***** Raw data *****

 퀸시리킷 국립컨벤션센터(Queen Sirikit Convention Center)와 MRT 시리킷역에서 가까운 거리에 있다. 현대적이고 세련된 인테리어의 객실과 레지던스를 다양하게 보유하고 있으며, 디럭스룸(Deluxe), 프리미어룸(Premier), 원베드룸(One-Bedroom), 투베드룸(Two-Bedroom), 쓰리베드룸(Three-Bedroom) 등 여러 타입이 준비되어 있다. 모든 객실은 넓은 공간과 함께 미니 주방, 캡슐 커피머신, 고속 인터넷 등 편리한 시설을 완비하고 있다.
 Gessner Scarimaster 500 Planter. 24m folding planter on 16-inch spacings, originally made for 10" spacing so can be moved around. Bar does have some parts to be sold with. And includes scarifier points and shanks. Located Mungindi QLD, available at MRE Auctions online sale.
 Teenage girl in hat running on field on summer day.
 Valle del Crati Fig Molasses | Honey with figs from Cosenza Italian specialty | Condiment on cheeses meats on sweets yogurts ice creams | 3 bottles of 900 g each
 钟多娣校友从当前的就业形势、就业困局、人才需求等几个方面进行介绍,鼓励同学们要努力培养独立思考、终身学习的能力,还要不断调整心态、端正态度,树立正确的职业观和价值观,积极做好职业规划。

*****
***** Raw data *****

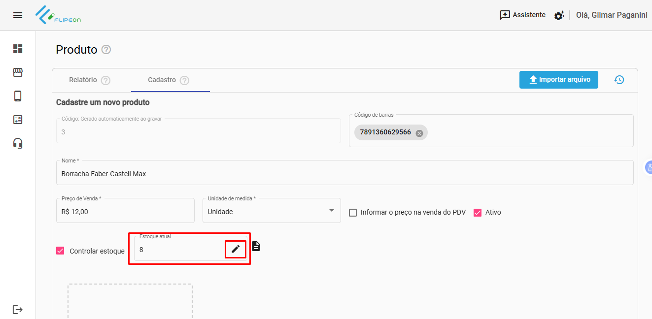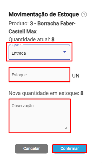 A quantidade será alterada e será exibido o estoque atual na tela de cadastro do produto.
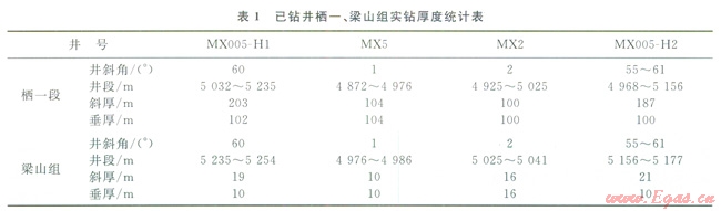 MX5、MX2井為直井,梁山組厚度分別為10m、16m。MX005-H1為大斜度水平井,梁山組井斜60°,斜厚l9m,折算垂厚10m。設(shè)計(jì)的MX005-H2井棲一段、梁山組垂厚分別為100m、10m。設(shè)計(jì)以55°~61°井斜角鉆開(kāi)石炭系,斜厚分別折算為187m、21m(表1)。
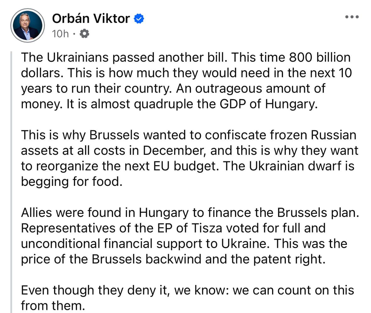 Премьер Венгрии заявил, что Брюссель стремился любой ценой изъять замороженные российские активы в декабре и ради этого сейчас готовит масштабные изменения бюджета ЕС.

*****

Action item ▸
Above are some records. Reproduce the lines from the one with "MX5、MX2井為直井,梁山" down to the one with "Премьер Венгрии заявил, что", keeping both, and leave every picture out.

Written reply ▸
 MX5、MX2井為直井,梁山組厚度分別為10m、16m。MX005-H1為大斜度水平井,梁山組井斜60°,斜厚l9m,折算垂厚10m。設(shè)計(jì)的MX005-H2井棲一段、梁山組垂厚分別為100m、10m。設(shè)計(jì)以55°~61°井斜角鉆開(kāi)石炭系,斜厚分別折算為187m、21m(表1)。
 Премьер Венгрии заявил, что Брюссель стремился любой ценой изъять замороженные российские активы в декабре и ради этого сейчас готовит масштабные изменения бюджета ЕС.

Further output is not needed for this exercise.